Statistical analysis

The aim of statistical analysis was to standardize individual measurements of all 10 measured QTs in all 1001 examinees and make them comparable across the villages. Then, in a merged sample of 1001 examinees, a search for the presence of over- or under-representation of individuals from the single village populations (V1-V10) in the most extreme 10% of values was performed. In such analysis the values of measurements of each QT were ranked from 1 to 1001, and the top and bottom 100 values were investigated for an excess of individuals from the single village. Exactly 10 persons from each village would be expected in top and bottom 10% by chance. Based on a simple χ2 statistics for 10 independent samples with 100 randomly chosen individuals, the presence of 17 or more individuals from the same village in the top 10% values by rank among all 1001 examinees would indicate statistically significant over-representation, while 3 or fewer would indicate statistically significant under-representation of a specific village. Multiple comparisons performed in the same way for 10 different quantitative traits would be expected to result in 2-3 false positive clusters by chance, but we expected to demonstrate that the number of clusters was dramatically greater than expected by chance.
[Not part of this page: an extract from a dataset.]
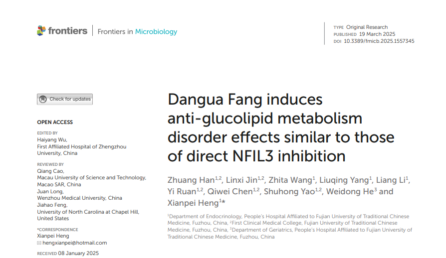 近日,我院國家中醫(yī)藥傳承創(chuàng)新中心重點病種糖尿病衡先培教授研究團隊(代謝內(nèi)分泌方向)在中科2區(qū)頂級期刊《Frontiers in Microbiology》上發(fā)表題為《Dangua Fang inducesanti-glucolipid metabolismdisorder effects similar to thoseof direct NFlL3 inhibition》的研究論文。

To make this analysis as informative as possible, two different models of standardization of QT measurements were applied. Data on age, gender, height, weight, and village of origin (V1–V10) were analyzed in a logistic regression with QT measurement as outcome (37). Age and gender were forced in all prediction models, irrespective of whether they were formally significant. Model 1 allowed age, gender, height, and weight as predictors, whereas Model 2 allowed only age and gender as predictors.

Results

To demonstrate the proposed principle on a clinically apparent QT (in this example, human height) using actual data from this isolate resource, we presented the distributions of male and female population by height in Jurandvor and Baščanska Draga villages on Krk island (Figure 1; V11) and in our sample from 9 other villages (including the V10 with immigrants). We used the example of villages Jurandvor and Baščanska Draga (V11) because a variant in PROP1 gene has recently been identified as a cause of dwarfism, which is prevalent in the villages (16). We presented a reported population distribution by height in 258 examinees from V11 (15) alongside the distribution of 1001 examinees in villages V1-V10 combined (Figure 3). This presentation was made solely to demonstrate how the presence of the causal PROP1 mutation in V11 population could have been identified using the strategy we propose, as the cases affected by dwarfism from V11 would have been in large excess in the lower end of the height distribution of all the 11 villages combined.

Figure 3.

Figure 3

Open in a new tab

Effect of PROP-1 mutation on height in Jurandvor/Baščanska Draga (V11) population isolate in comparison to other investigated population isolates (V1-V10). Dashed line – Jurandvor/Baščanska Draga (V11), females (n=151); full line – other villages (V1-V10), males (n=455); dotted line – Jurandvor/Baščanska Draga (V11), males (n=107); dot-dash line – other villages (V1-V10), females (n=546).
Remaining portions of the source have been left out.